Like Abraham and Sarah, we may have been given a son or a daughter or several of one of both. As a Christian saint, I am asked to give my descendants back to the Reality that gave them to me. If I am clinging to my children as a means of enhancing my own status or pleasure or pride or even shame, I am destroying my children as well as my role as a responsible father, or mother. Indeed, when my children have become adults, Reality has already taken them back, whether I want to give them up or not. And that is the “natural” course for all our gifts—to be given back.
If I am clinging to my vocation simply as a means of holding on to some status or maintaining my survival, I do not yet have a saintly vocation in the Abrahamic sense. To have a saintly vocation, I must pursue my vocation as an expending (i.e. a giving) of my time and energy to values other than my own needs. This giving may include some attention to my own needs. As Jesus taught his disciples, “Serve the Reign of Reality with all your gifts, and you, the servant, will also be cared for as well.“ (I have paraphrased, but only slightly.) When Jesus sent out his disciples to take the Good News to Galilean villages, he instructed them, “Take only minimum stuff, eat what they offer you, sleep where they put you. Don’t shop around for a better bed. Just give and receive the gifts given to you to keep you going with your ongoing giving.” (Again, I paraphrase.)
Luke saw clearly that Mark and Matthew before him had drawn a picture of Jesus that was to be a model for Christian sainthood. So Luke surely had in mind sharing Jesus as his model of Christian sainthood when he pictured Jesus saying these last words on the cross, “Into Thy hands I commend my spirit.” We can receive this verse as a meaning for our own death and dying: “Into the power of the Giver of my life, I give back my consciousness.” In other words, I can let Reality have my consciousness, however profound or limited that consciousness may be. In so viewing my death, I give over my entire life to the Reality that gave me all that was given to me. Reality, without me, will carry on my giving, my bending of history.
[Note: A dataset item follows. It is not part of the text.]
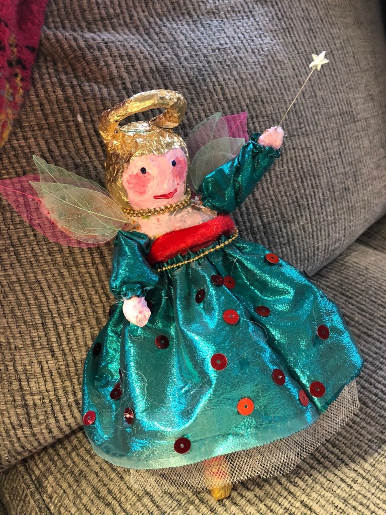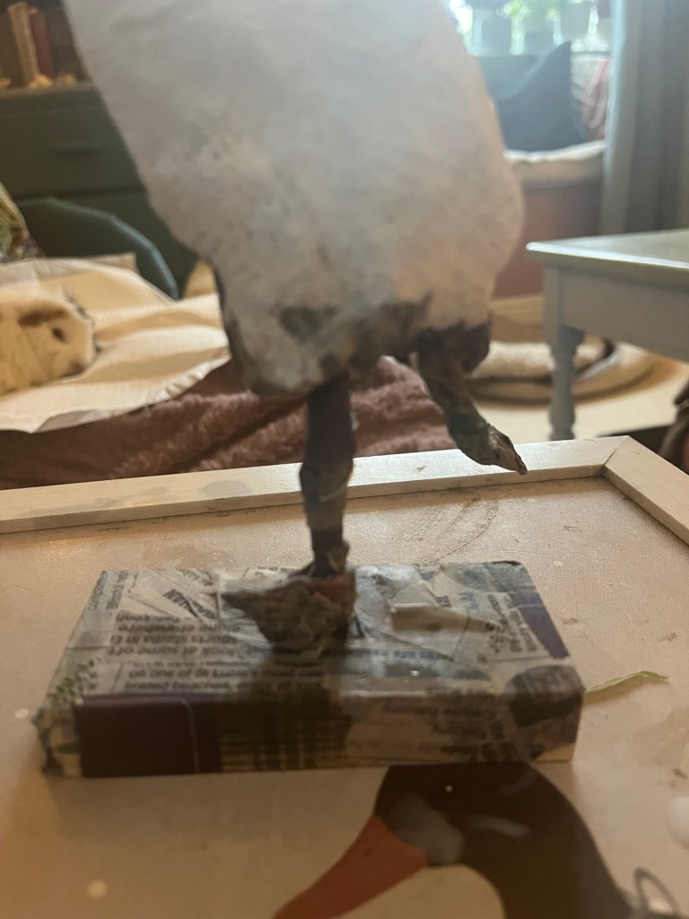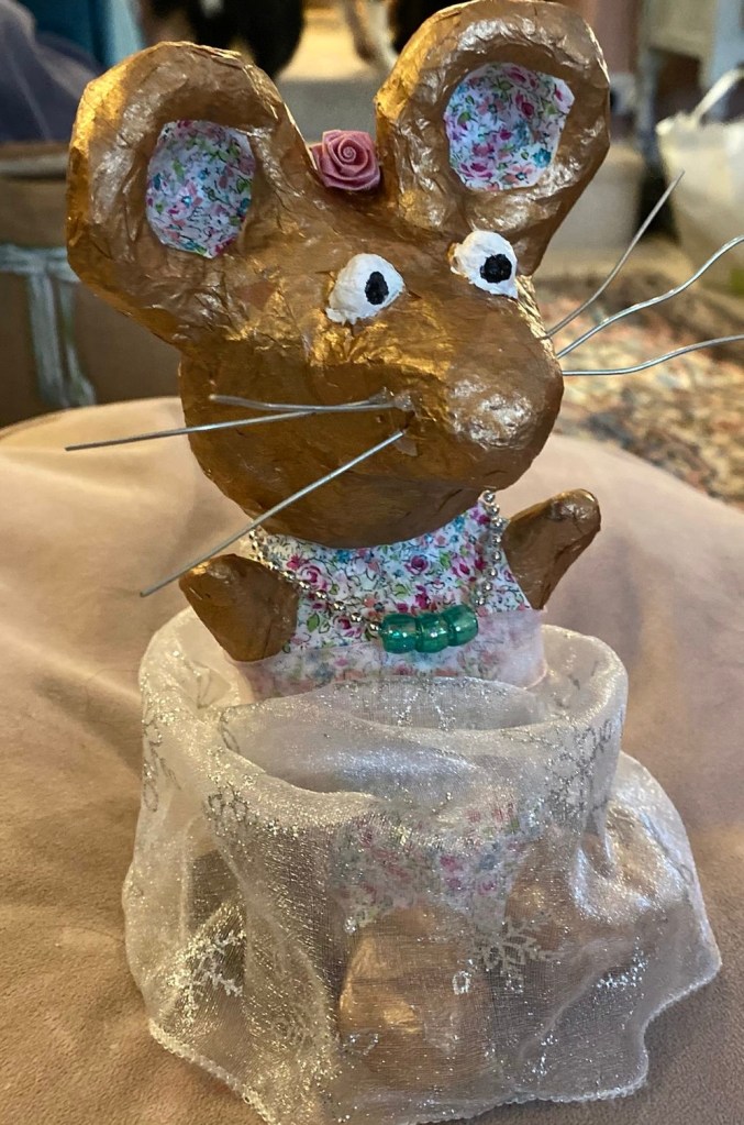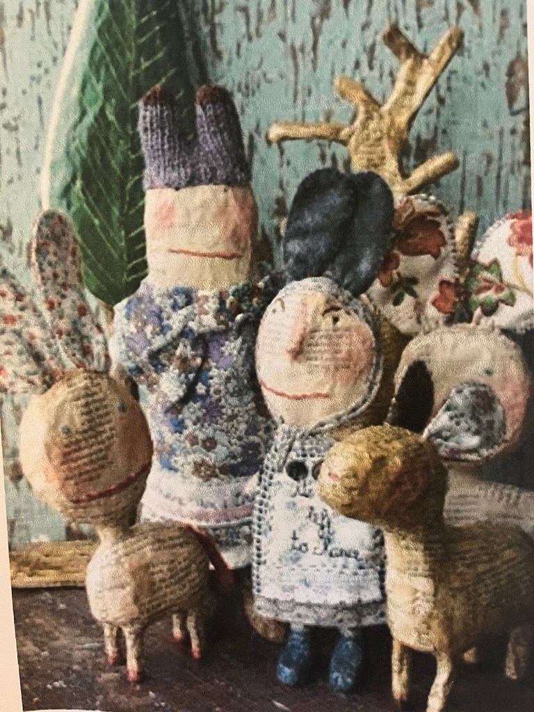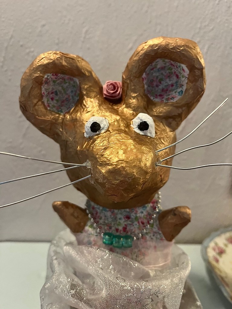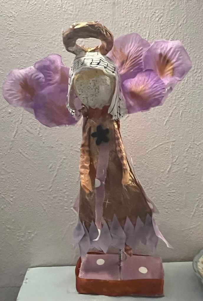 Our first project was a paper mache sculpture, inspired by Julie Arkell figures. Using a little wire maquette and newspaper, Modroc and then tissue paper and decoupage papers to decorate. With final touches of acrylic paint and tiny buttons etc.
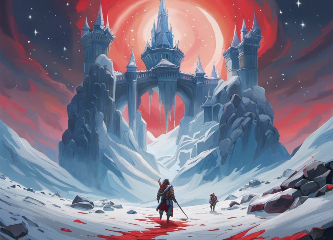 This image depicts a blue-skinned ice giant with white hair and red eyes, clad in furs and sporting a playful smile. The giant is set against a highly detailed anime-style backdrop featuring an ethereal ice castle in a snowy landscape.

Another famous saying also applies to this perspective, “To whom much is given, much shall be required.” This lesson is the opposite of the all too familiar monopoly-game sense of things, “To whom much is given, even more shall be taken from the losers who are too poor to compete with me.” Contrary to such narcissism, “Response—-ability to God” means day-by-day, year-by-year, giving back our gifts to the Giver of those gifts. We give to the Giver by way of giving our gifts to our neighboring realities, those humans and other beings whom God also loves. This is the Abrahamic faith.